He died of natural causes at his home on the Upper East Side, his daughter Betsy told the Times. For decades, TV viewers knew his famous gravelly line-reading for the J.M. Smucker Co.: "With a name like Smucker's…it has to be good."
Mr. Adams most recent Broadway appearance was in Arthur Miller's The Man Who Had All the Luck for Roundabout Theatre Company in 2002. His first Broadway role was in 1957's A Shadow of My Enemy.
In a stage career that included regional and Off-Broadway work he also appeared in Signature Theatre's The Last of the Thorntons by Horton Foote, Circle Repertory Theatre's The Rose Quartet, Manhattan Theatre Club's The Day Room and Lincoln Center Theatre's Danger: Memory! and The Shortchanged Review.
He is remembered as the thoughtful and experienced Ben Bradley-like managing editor Charlie Hume on "Lou Grant." (A generation of journalism students viewed Hume as a sort of mentor, a fictional standard to reach for.) For his work on the newspaper drama, Mr. Adams was nominated for three Emmy Awards.

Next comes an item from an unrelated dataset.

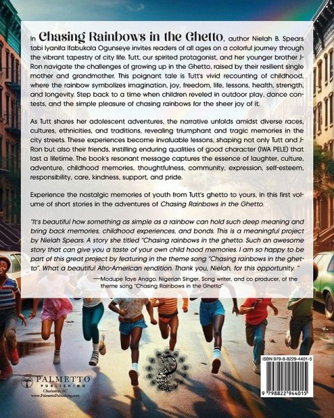 Embark on a Vibrant Journey of Childhood Adventures and Nostalgia: Where Rainbows Paint Memories Step into the vibrant world of Chasing Rainbows in the Ghetto, a captivating tale that transcends generations. This enchanting narrative, suitable for readers of all ages, seamlessly blends childhood memories, cultural richness, and the universal joy of growing up. Author, Ifabukola Ogunseye tabi Nielah B Spears, known for her bestselling Up From the Mud: The Rebirthing of A Lotus, invites you on an immersive exploration of city life through the eyes of Tutt and her younger brother J-Ron. In this delightful story, the rainbow becomes a powerful symbol of joy, freedom, life, and resilience. Tutt's adventures in the Ghetto take you back to a time when children reveled in playground games, dance contests, and the sheer thrill of chasing rainbows for the pure joy of it. Tutt shares her coming-of-age journey in a cityscape rich with diversity, offering readers a glimpse into a melting pot of races, cultures, and traditions. This book is a celebration of shared experiences that resonate across cultures. From African American to Latino, Asian to Caucasian, Chasing Rainbows in the Ghetto speaks to anyone who has cherished childhood memories in the backdrop of urban life. It's a universal story of laughter, community, and self- discovery that transcends boundaries. Whether you're a parent looking to share a heartwarming tale with your children, a teenager reminiscing about the carefree days of youth, or an adult seeking a nostalgic journey, Chasing Rainbows in the Ghetto promises to capture your heart. Rediscover the magic of hopscotch, double dutch, and the simple joy of chasing rainbows in this uplifting and culturally rich narrative.
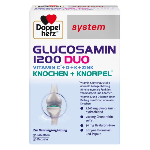 Unser Bewegungsapparat mit seinen Gelenken, Knorpeln, Muskeln, Sehnen und Bändern wird jeden Tag gefordert. Einseitige Beanspruchung, Übergewicht und zunehmendes Alter sind belastende Faktoren. Für den Erhalt der Mobilität und Lebensqualität in jedem Alter können eine ausreichende, schonende Bewegung sowie eine gesunde Ernährung einen Beitrag leisten. Doppelherz system GLUCOSAMIN 1200 DUO enthält Vitamin C, Vitamin D, Vitamin K und die Spurenelemente Zink, Kupfer, Mangan und Selen. Zusätzlich sind 1200 mg Glucosaminhydrochlorid, 200 mg Chondroitinsulfat, 50 mg Hyaluronsäure sowie die Enzyme Bromelain und Papain enthalten.

Mr. Adams' other Broadway credits include Checking Out, The Sign in Sidney Brustein's Window, The Trial of the Catonsville Nine and Tall Story.
The actor was known for his grandfatherly presence in recent years. In the 1940s and '50s, he had roles in radio dramas such as "Pepper Young's Family" (he was Pepper Young). His voice would be heard for decades on commercials and documentaries.
In 1989, he starred in his own TV series, "Knight & Daye," as Everett Daye, opposite Jack Warden, who played Henry Knight.
Mr. Adams, a Brookyln native, earned a master's degree from the University of Wisconsin and later taught at The Neighborhood Playhouse, the Times reported.
He is survived by his wife, Margo Fineberg, daughter Betsy and son Bill.